» Task details
Restate the whole listing below word for word and keep the images out.

» Given data
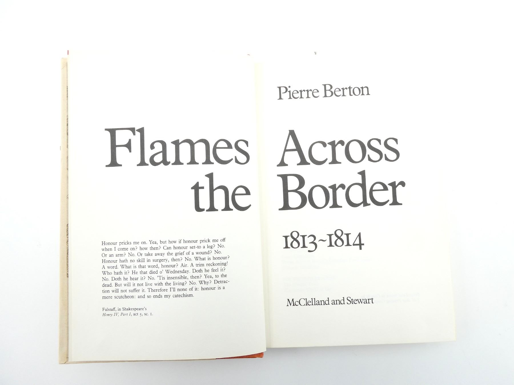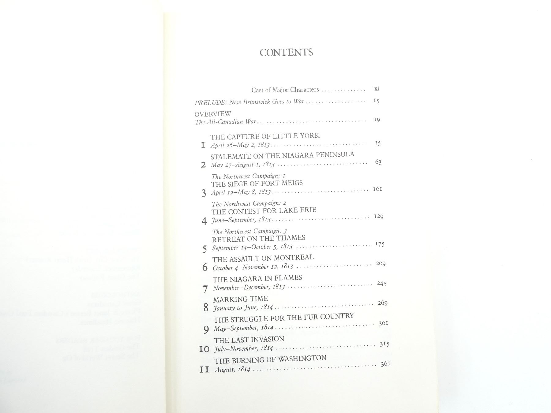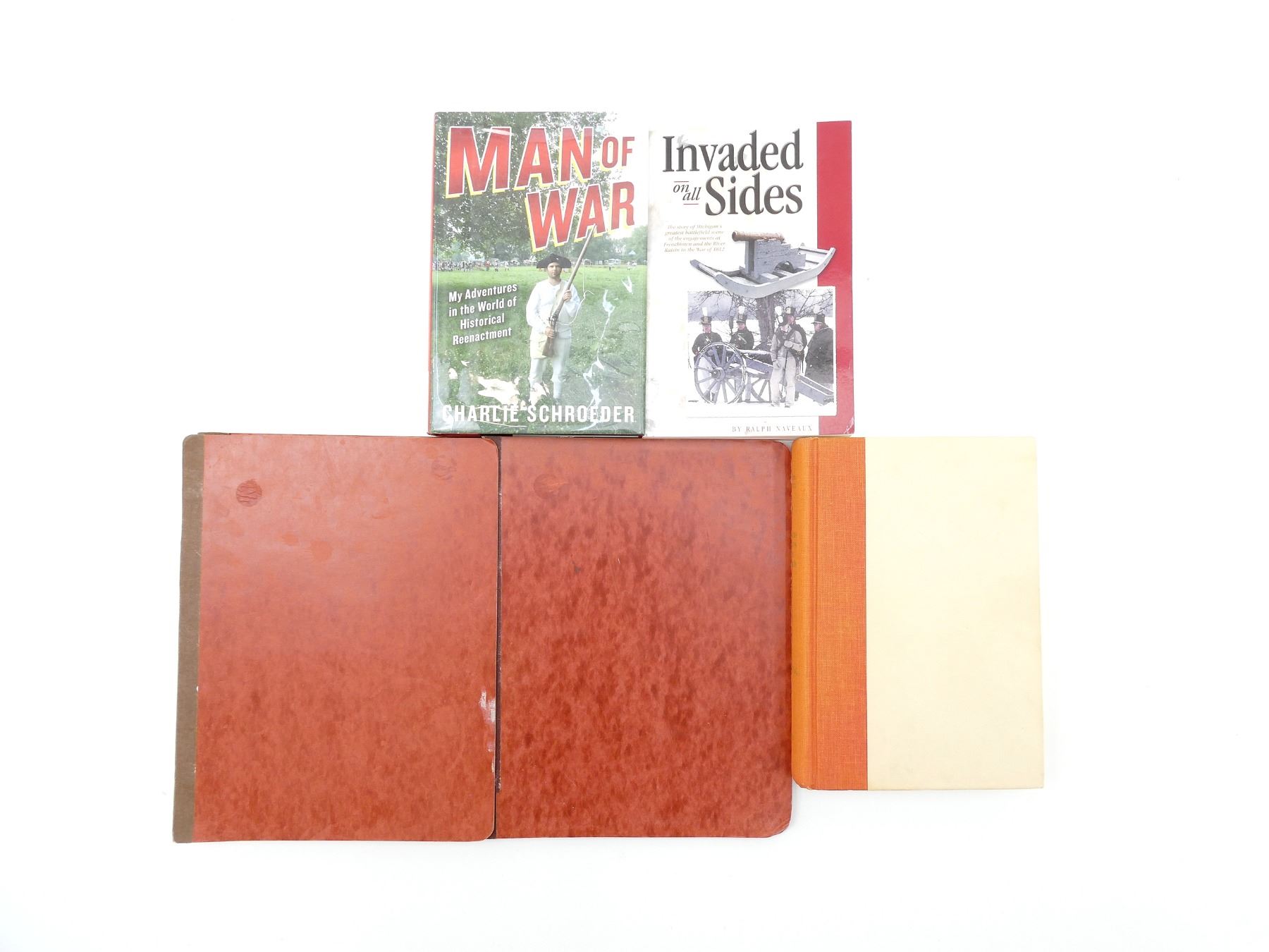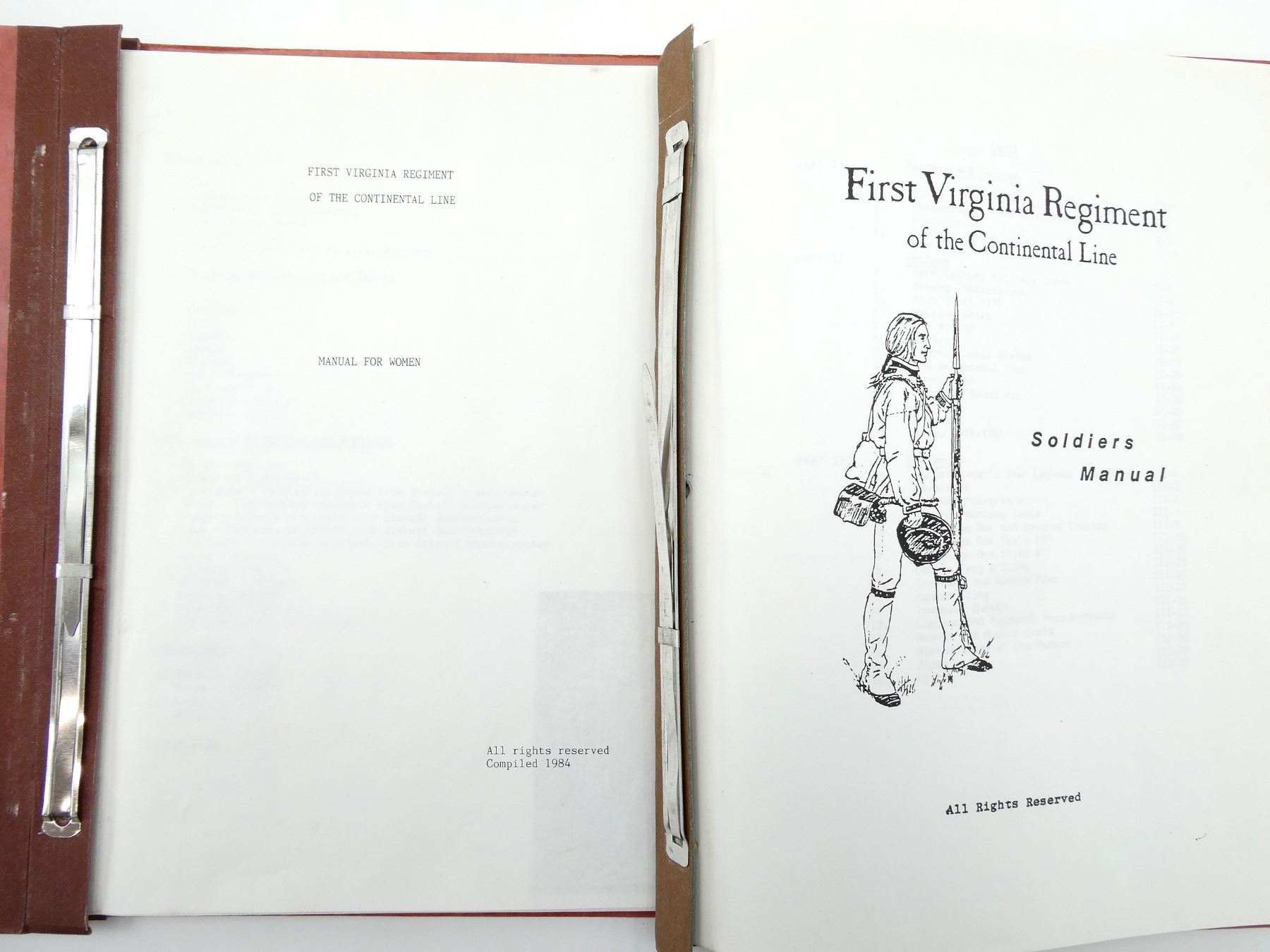 LOT INCLUDES; (1) "FIRST VIRGINIA REGIMENT OF THE CONTINENTAL LINE, SOLDIERS MANUAL", MANUAL CONTRIBUTORS CAROL DEAKIN/AL SAGUTO/DICK GRIFFITHS/CAL HURD/PAT BEAL/JIM GARNER/JEAN DANIELS/RICHARD CHIARIZIA/CHIP GNAM/JOHN VICTOR/BILL TOLBUT/BUTCH FOGLE/ TOM DEAKIN/BOB BOWSER/BRANT HEARTHINGTON, SOFT COVER BINDER, (1) "FIRST VIRGINIA REGIMENT OF THE CONTINENTAL LINE, MANUAL FOR WOMEN" MANUAL EDITED BY P.K. BEAL, COMPILED 1984, (1) "FLAMES ACROSS THE BORDER 1813-1814" BOOK BY PIERRE BERTON, HARD COVER, ISBN: 0-7710-1246-2, (1) "MAN OF WAR" BOOK BY CHARLIE SCHROEDER, HARD COVER WITH DUST COVER, ISBN: 978-1-59463-091-0 & (1) "INVADED ON ALL SIDES" BOOK BY RALPH NAVEAUX, SOFT COVER, ISBN: 978-0-615-21938-7. SEE PHOTOS.
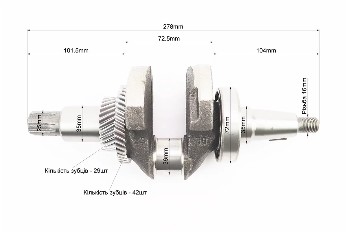 Коленвал под шлиц D-25mm в сборе 173F/177F Тип 1, FIX-607009
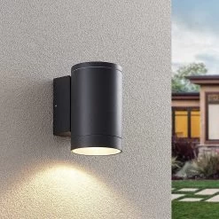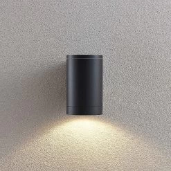 Dunkelgraue AuĂenwandleuchte Thomke mit zylindrischer Gestalt

» Exercise output
 LOT INCLUDES; (1) "FIRST VIRGINIA REGIMENT OF THE CONTINENTAL LINE, SOLDIERS MANUAL", MANUAL CONTRIBUTORS CAROL DEAKIN/AL SAGUTO/DICK GRIFFITHS/CAL HURD/PAT BEAL/JIM GARNER/JEAN DANIELS/RICHARD CHIARIZIA/CHIP GNAM/JOHN VICTOR/BILL TOLBUT/BUTCH FOGLE/ TOM DEAKIN/BOB BOWSER/BRANT HEARTHINGTON, SOFT COVER BINDER, (1) "FIRST VIRGINIA REGIMENT OF THE CONTINENTAL LINE, MANUAL FOR WOMEN" MANUAL EDITED BY P.K. BEAL, COMPILED 1984, (1) "FLAMES ACROSS THE BORDER 1813-1814" BOOK BY PIERRE BERTON, HARD COVER, ISBN: 0-7710-1246-2, (1) "MAN OF WAR" BOOK BY CHARLIE SCHROEDER, HARD COVER WITH DUST COVER, ISBN: 978-1-59463-091-0 & (1) "INVADED ON ALL SIDES" BOOK BY RALPH NAVEAUX, SOFT COVER, ISBN: 978-0-615-21938-7. SEE PHOTOS.
 Коленвал под шлиц D-25mm в сборе 173F/177F Тип 1, FIX-607009
 Dunkelgraue AuĂenwandleuchte Thomke mit zylindrischer Gestalt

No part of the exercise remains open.